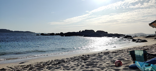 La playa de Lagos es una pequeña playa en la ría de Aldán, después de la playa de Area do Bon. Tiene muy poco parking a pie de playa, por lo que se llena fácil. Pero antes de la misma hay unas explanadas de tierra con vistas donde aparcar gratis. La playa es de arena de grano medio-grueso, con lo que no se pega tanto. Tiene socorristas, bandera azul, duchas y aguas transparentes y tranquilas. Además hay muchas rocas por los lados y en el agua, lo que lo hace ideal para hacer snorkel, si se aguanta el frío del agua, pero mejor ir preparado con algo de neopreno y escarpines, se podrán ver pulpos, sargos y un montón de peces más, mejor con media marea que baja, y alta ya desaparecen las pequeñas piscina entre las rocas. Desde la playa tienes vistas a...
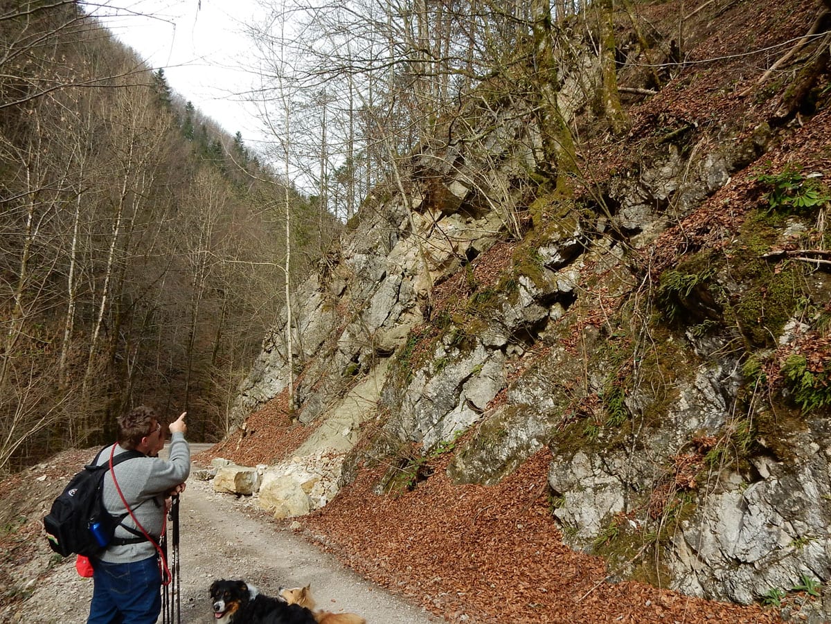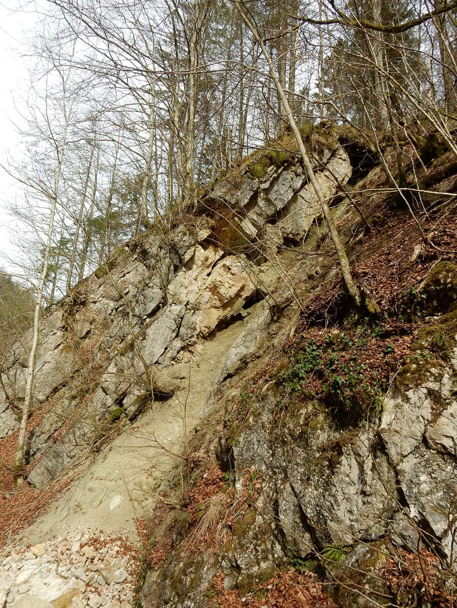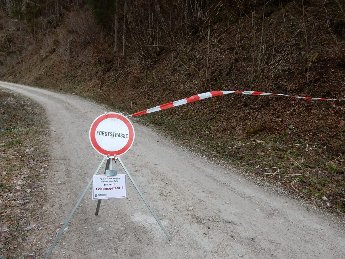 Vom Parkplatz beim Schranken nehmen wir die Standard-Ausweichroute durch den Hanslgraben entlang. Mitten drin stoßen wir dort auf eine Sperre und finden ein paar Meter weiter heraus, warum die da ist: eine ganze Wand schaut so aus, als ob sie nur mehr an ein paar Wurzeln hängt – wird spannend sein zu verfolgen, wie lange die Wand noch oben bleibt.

┄┄┄┄┄┄┄┄┄┄

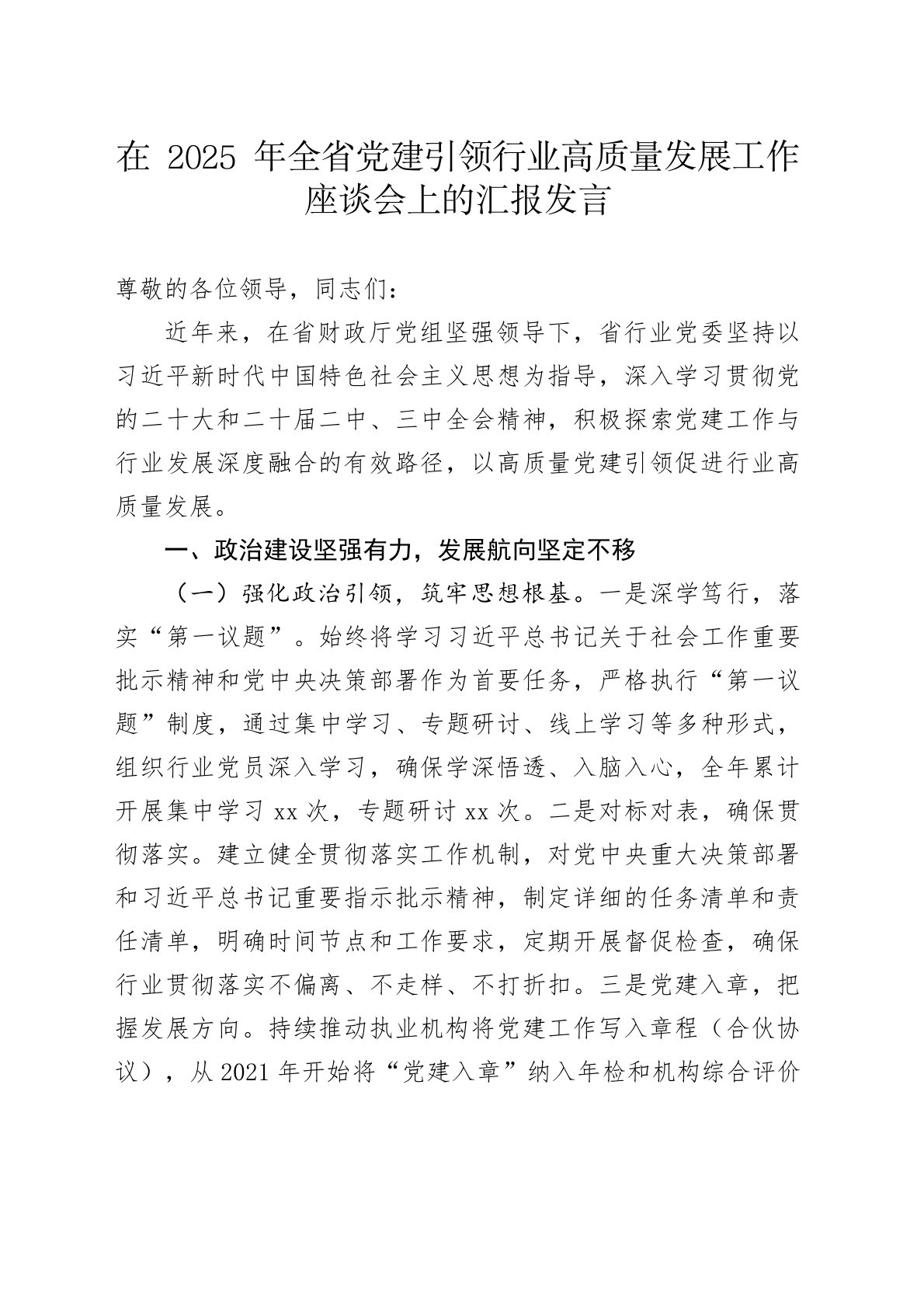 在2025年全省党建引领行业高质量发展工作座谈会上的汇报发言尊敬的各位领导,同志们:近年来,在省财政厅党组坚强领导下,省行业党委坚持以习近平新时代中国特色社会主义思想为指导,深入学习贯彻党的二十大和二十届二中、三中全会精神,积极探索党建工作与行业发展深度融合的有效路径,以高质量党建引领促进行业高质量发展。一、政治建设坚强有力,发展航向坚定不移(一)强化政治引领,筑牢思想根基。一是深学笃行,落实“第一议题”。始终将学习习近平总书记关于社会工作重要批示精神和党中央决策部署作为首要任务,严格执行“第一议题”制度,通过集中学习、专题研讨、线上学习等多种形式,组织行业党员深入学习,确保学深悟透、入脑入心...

┄┄┄┄┄┄┄┄┄┄

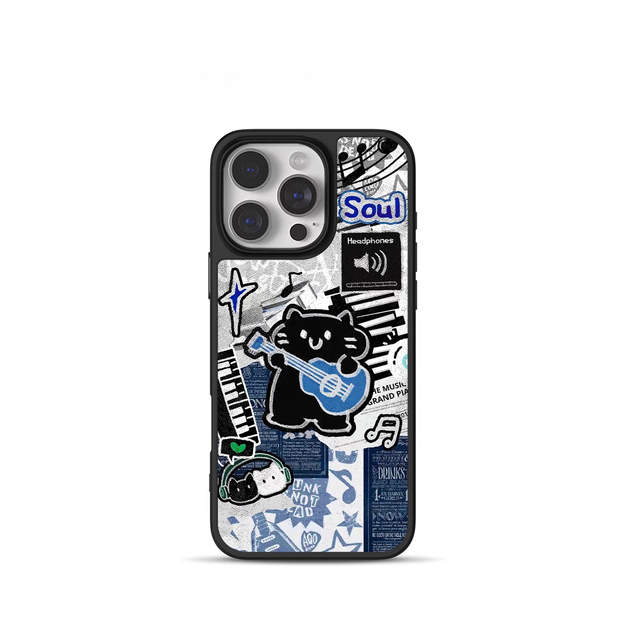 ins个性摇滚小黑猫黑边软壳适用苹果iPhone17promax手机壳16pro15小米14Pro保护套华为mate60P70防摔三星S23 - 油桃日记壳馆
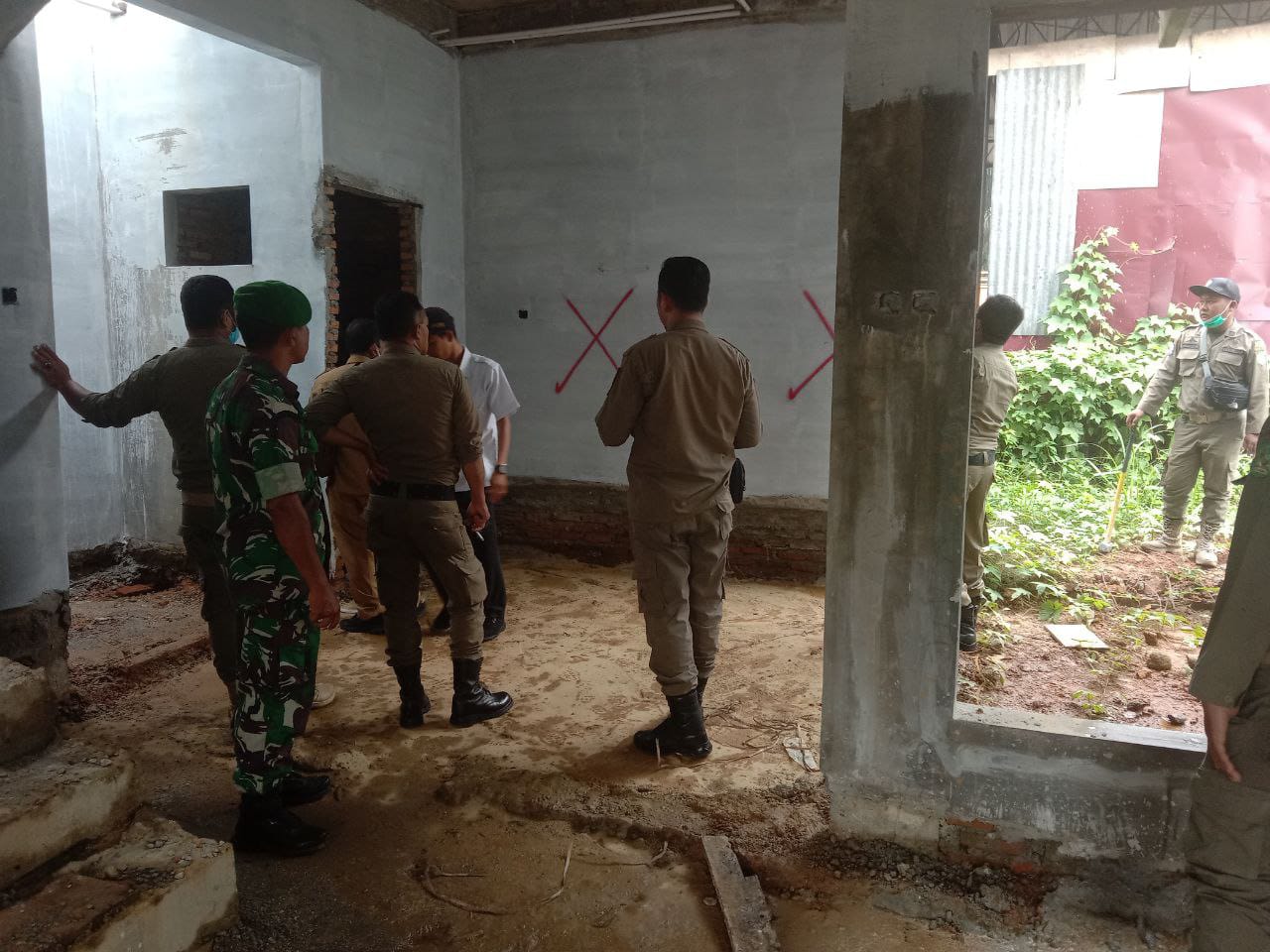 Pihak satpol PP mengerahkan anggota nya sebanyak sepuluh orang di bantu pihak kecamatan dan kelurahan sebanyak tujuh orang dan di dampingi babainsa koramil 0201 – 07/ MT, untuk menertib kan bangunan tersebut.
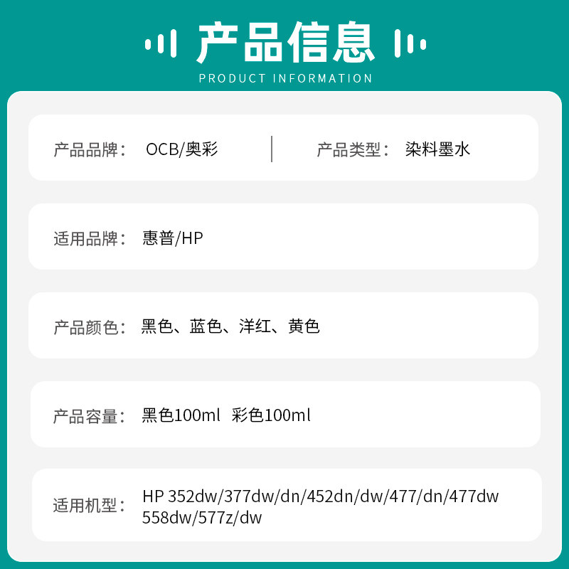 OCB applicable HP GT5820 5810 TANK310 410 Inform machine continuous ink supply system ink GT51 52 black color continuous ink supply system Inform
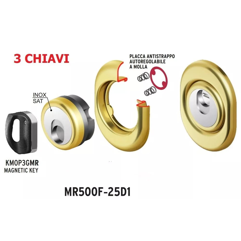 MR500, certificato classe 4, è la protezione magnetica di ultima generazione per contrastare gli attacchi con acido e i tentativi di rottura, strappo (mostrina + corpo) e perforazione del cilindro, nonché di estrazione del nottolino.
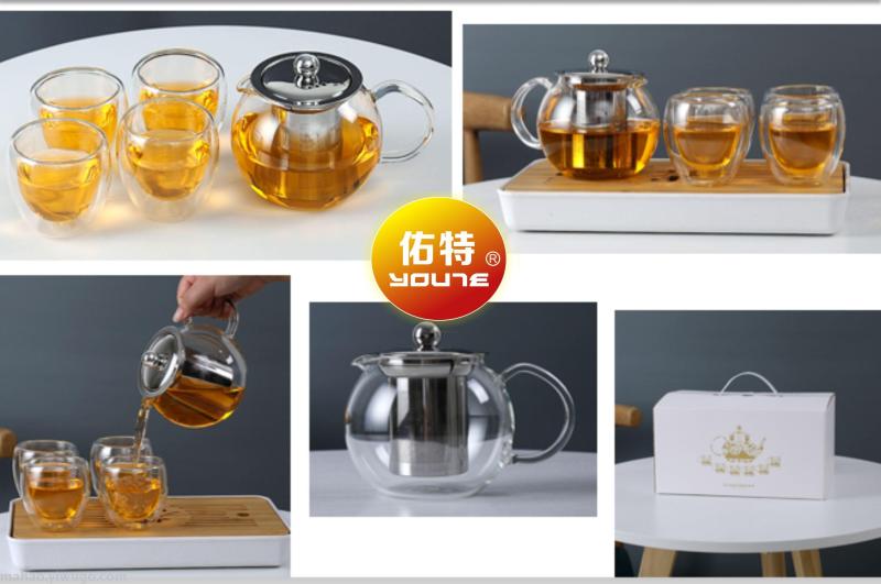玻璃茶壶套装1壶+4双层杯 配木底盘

┄┄┄┄┄┄┄┄┄┄

Instructions for the task:
All pictures are to be skipped. Output, word for word, the lines in the data above starting at the line containing "Pihak satpol PP" and ending at the line containing "玻璃茶壶套装1壶+4双层杯 配木底盘".

The answer:
 Pihak satpol PP mengerahkan anggota nya sebanyak sepuluh orang di bantu pihak kecamatan dan kelurahan sebanyak tujuh orang dan di dampingi babainsa koramil 0201 – 07/ MT, untuk menertib kan bangunan tersebut.
 OCB applicable HP GT5820 5810 TANK310 410 Inform machine continuous ink supply system ink GT51 52 black color continuous ink supply system Inform
 MR500, certificato classe 4, è la protezione magnetica di ultima generazione per contrastare gli attacchi con acido e i tentativi di rottura, strappo (mostrina + corpo) e perforazione del cilindro, nonché di estrazione del nottolino.
玻璃茶壶套装1壶+4双层杯 配木底盘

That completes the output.